Zunächst gingen Ermittler davon aus, dass vier Wachschutzbedienstete in den Diebstahl involviert seien. Einer sollte den Tätern Unterlagen zum Grünen Gewölbe verschafft haben. Doch nachdem es keine Beweise hierfür gab, kam der festgenommene Wachmann frei. Im März 2020 veröffentliche die Polizei das erste Phantombild eines Verdächtigen. Insgesamt gehen die Ermittler von sieben Tätern aus, die den direkten Einbruch durchführten. Bei einem Mann auf einem Fahndungsfoto sollte es sich um denjenigen handeln, der den Fluchtwagen vorher in Magdeburg abholte. Im September 2020 stellten die Beamten bei Durchsuchungen in einem Internetcafé im Berliner Stadtteil Neukölln sowie einer Privatwohnung mehrere Beweise sicher. Diese führten dazu, dass die Polizei am 17. November 2020 drei Tatverdächtige festnahm, die Mitglieder des Remmo-Clans sein sollen. Auf Aufnahmen, die Ermittler und Staatsanwaltschaft am 11. März 2021 veröffentlichten, seien nun weitere mutmaßliche Helfer zu sehen.

Was wurde entwendet?

Der Wert der entwendeten Objekte lässt sich insgesamt nicht genau beziffern. Das liegt daran, dass solche Schmuckstücke im Kunsthandel kaum zu finden sind. Da es sich um einzigartige Juwelen und Kunst handelt, nimmt dies vor allem Einfluss auf die Höhe des ideellen Schadens. Die Besonderheit besteht hier vor allem darin, dass die Garnituren August des Starken vollständig erhalten blieben. Das verleiht dem gesamten Schatz einen hohen kulturhistorischen Wert. Bei den gestohlenen Objekten handelt es sich um Teile der Diamantrosengarnitur, der Brillantgarnitur und des Schmucks der Königinnen. Darunter sind verschiedene Schmuckstücke wie Schuhschnallen, Knöpfe oder Hutschmuck. Außerdem entwendeten die Diebe einen Degen sowie ein Collier und eine Brustschleife von Königin Amalie Auguste.

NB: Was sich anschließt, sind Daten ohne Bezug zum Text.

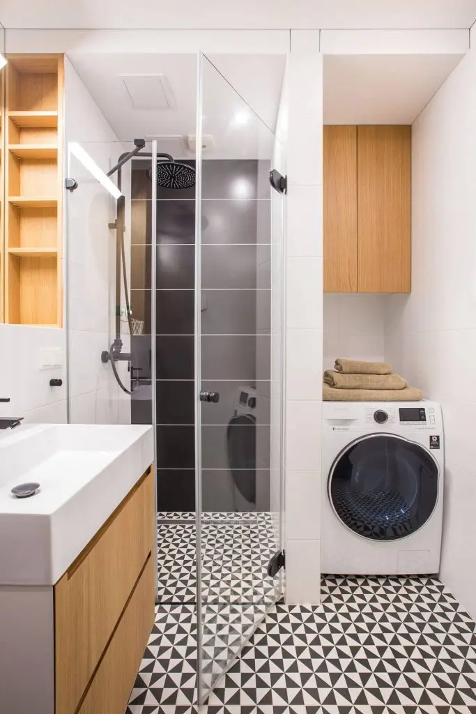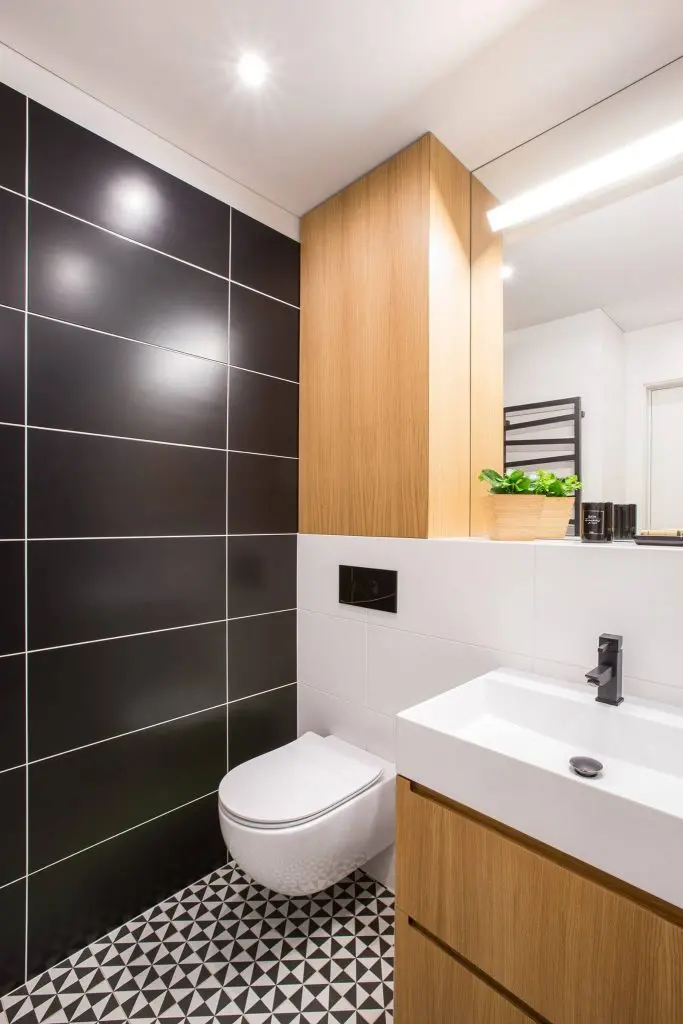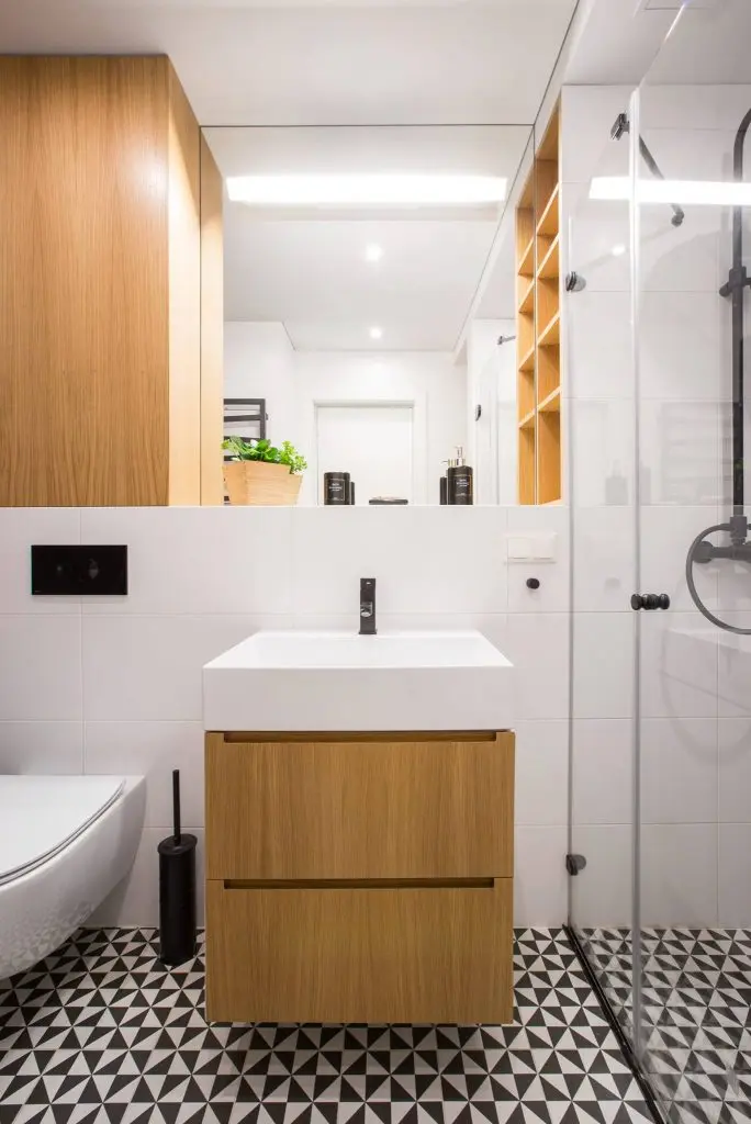 Baia, fiind separata, sparge tiparele celorlalte incaperi. Intalnim aici mobilier din lemn in nuantele parchetului de stejar, podea in forme geometrice de un alb-negru simetric si, desigur, plante decorative. Oglinda de mari dimensiuni si cabina de dus din sticla vor “complota” cu albul peretilor si lumina led-urilor si vor avea ca rezultat o baie nu doar cu un aspect modern, ci un spatiu bine conturat si marit.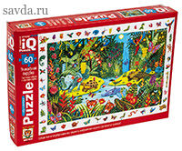 В коробке 60 деталей, которые складываются в картинку с озорными обитателями джунглей. Но соотнести элементы друг с другом и собрать рисунок — это только полдела. Когда пазл будет готов, попросите ребёнка найти на рисунке предметы, расположенные в рамке по контуру — такая игра на внимание понравится и самым маленьким детям, и ребятам постарше.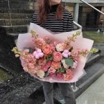 Букет с пионовидной розой, матиолой и гвоздикой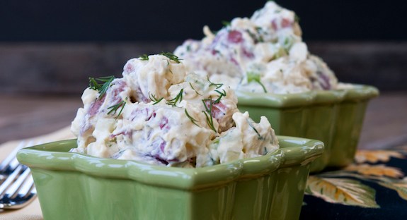 3.Drain potatoes; cube and place in a large serving bowl. Cool slightly. Add onion and dressing, stir gently to coat. Cover and refrigerate for 2 hours or overnight.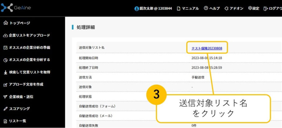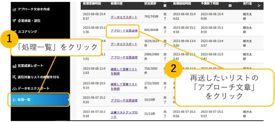 左タブの「処理一覧」のページから、再送を行いたい過去の送信処理を選択します。
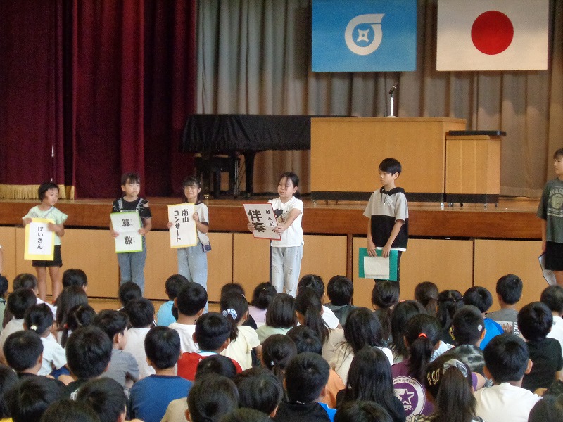 楽しかった夏休みを終え、また元気な声が学校に戻ってきて、先生たちはとってもうれしいです。全校朝会に校長先生が、夏休み中大きな事故やけがなどがなく、みんなが元気に過ごせたことが一番うれしいとお話しされました。また、今日9月1日は防災の日で、日頃から地震だけでなく、大雨や台風、暑さなどの災害に備える大切さのお話もありました。みんなで力を合わせて、安全に楽しく過ごしていきたいですね。全校朝会のあとの教室をのぞくと、先生のお話を一生懸命に聴いている姿、久しぶりの友達との再会を喜ぶ姿、新しい教科書にうれしそうにていねいに名前を書く姿などがあり、そのやる気が頼もしく思えました。まだまだ暑い日が続きます。暑さ対策をしっかりして、毎日登校してください。みんなでまた素敵な南山小学校にしていきましょう!

Folgen des Kunstraubs für die Staaten Kunstsammlungen Dresden

Nicht nur dem Diebstahl fielen Juwelen und Kunst zum Opfer. Darüber hinaus verteilten die Täter Löschpulver über die verbliebenen Objekte. Diese zu reinigen scheint zwar vollständig möglich, wird allerdings einige Zeit in Anspruch nehmen. Des Weiteren bleibt das Historische Grüne Gewölbe zunächst für Besucher geschlossen. Ein Termin zur Wiedereröffnung steht noch nicht fest. Und einen weiteren Umstand legte dieser spektakuläre Kunstraub dieses Schatzes offen: Die Objekte waren nicht durch eine Kunstversicherung abgesichert. Dementsprechend hat das Museum keine finanzielle Entschädigung zu erwarten. Solche Versicherungen schließen hauptsächlich private Sammler ab. Bei Museen in öffentlicher Hand verhält es sich allerdings anders. Zwar würden ihnen ebenfalls Versicherungen angeboten, doch nur Institutionen in Bayern schließen diese ab. Bei allen anderen gilt die Staatshaftung, wo entweder Bund, Land oder Kommune eintreten. Einen Raub in diesem Wert hatte hierbei niemand einberechnet.